Frank Herbert’s Dune

To understand the myth of the hero, we must first assume that the hero is real. Then continue along that trajectory to assume that the humanity that presupposes the role of a hero is also real. The truth, from that point on, is governed by a set of rules, tests that dictate the social and political bind that ties the hands of those it governs.

The idea of the “greater good” is then used as a weapon to foreshadow the truth. Until that vicious cycle of heroic ideals is stripped bare and those governed play the part of heroes themselves.

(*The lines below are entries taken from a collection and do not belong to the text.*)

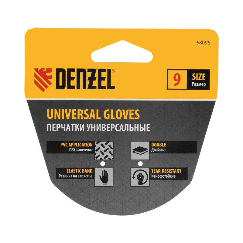 Перчатки универсальные, двойные, ПВХ нанесение, размер 9 Denzel, 68096
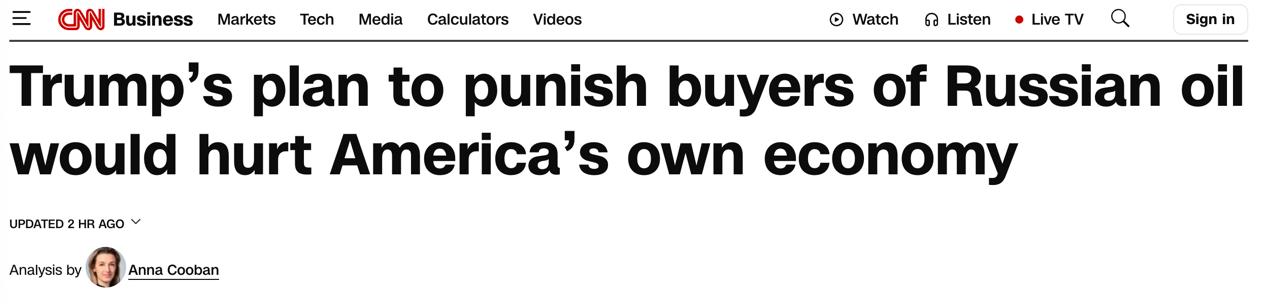 «Якщо мир в Україні ще досі здається малоймовірним, а Трамп вирішить реалізувати свій план, то нова дубина може вдарити по самій американській економіці — через вищі ціни на споживчі товари, зниження рентабельності американських компаній і можливе підвищення цін на нафту», - йдеться в статті.
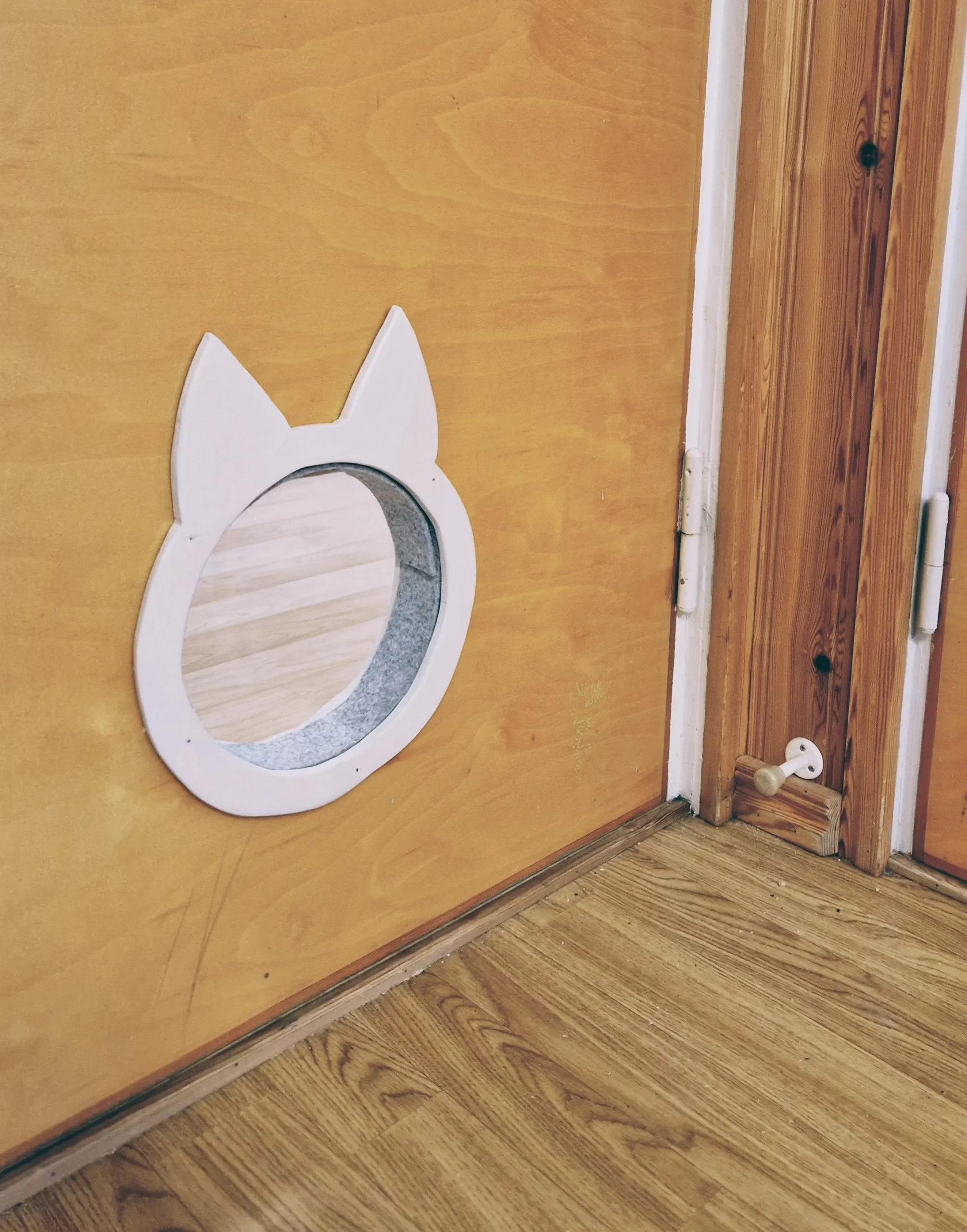 Tyypillisesti vielä ihan kesken mut en malttanut olla ottamatta jo kuvaa kun se on niin hauska. Hänen karvapyllyytensä pääsee nyt syömään, hiekkalaatikolle ja koiria pakoon ihan omin päin eikä tarvi niin paljoo aina komennella isäntiä ja emäntää availemaan ovia.
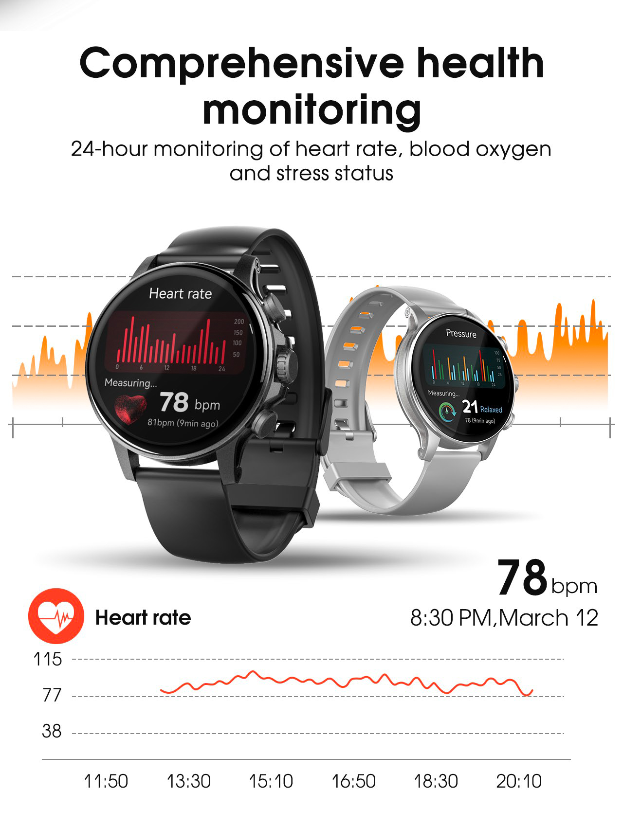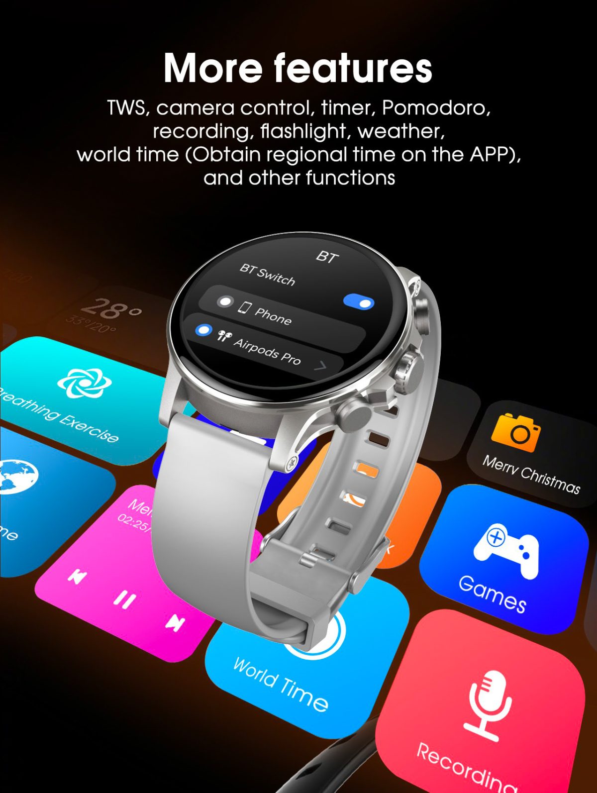 • Health & Fitness Tracking: Heart rate, blood oxygen, sleep monitor, pedometer, and 110+ sport modes with GPS support.

Dune is a science-fiction and universally-timeless novel about political philosophy, history, human rights, and prophecy. The story is a fertile soil possessing many roots. Perceptive realism, cosmic consciousness, the exploration of an individual’s instinctive, inherited state of mind, and of course, the deep connection of the mind with the body.

The writing and characterization of Dune can easily be translated into a vast cosmos of ancient, archetypical, and modern structures. You can extend your hands and grip in each character the mythical and psychological traits that makes humans seem immortal.

These foundations are familiar, debatable, and undeniably felt in both fact and fiction even today.

Whether you digest this story as art or literature is beside the point. Because when looking for proof that rebellion, in any kind of social construct, is inevitable and hope is merely an illusion, this book contemplates what’s beyond.

“Mankind has only one science… it’s the science of discontent.”

Dune is the first in a resounding series of sci-fi novels written by Frank Herbert. I am convinced that Dune can seductively wipe out the illusion of the hero.

In an interview, Herbert said that he wrote Dune “for readers who do not read science fiction.” He coalesces shades of religion, environmentalism, mythology, politics in an imaginative plot. The writing makes his characters futuristic as well as historical. A book that forces you to rely on your senses in order to be wholly read.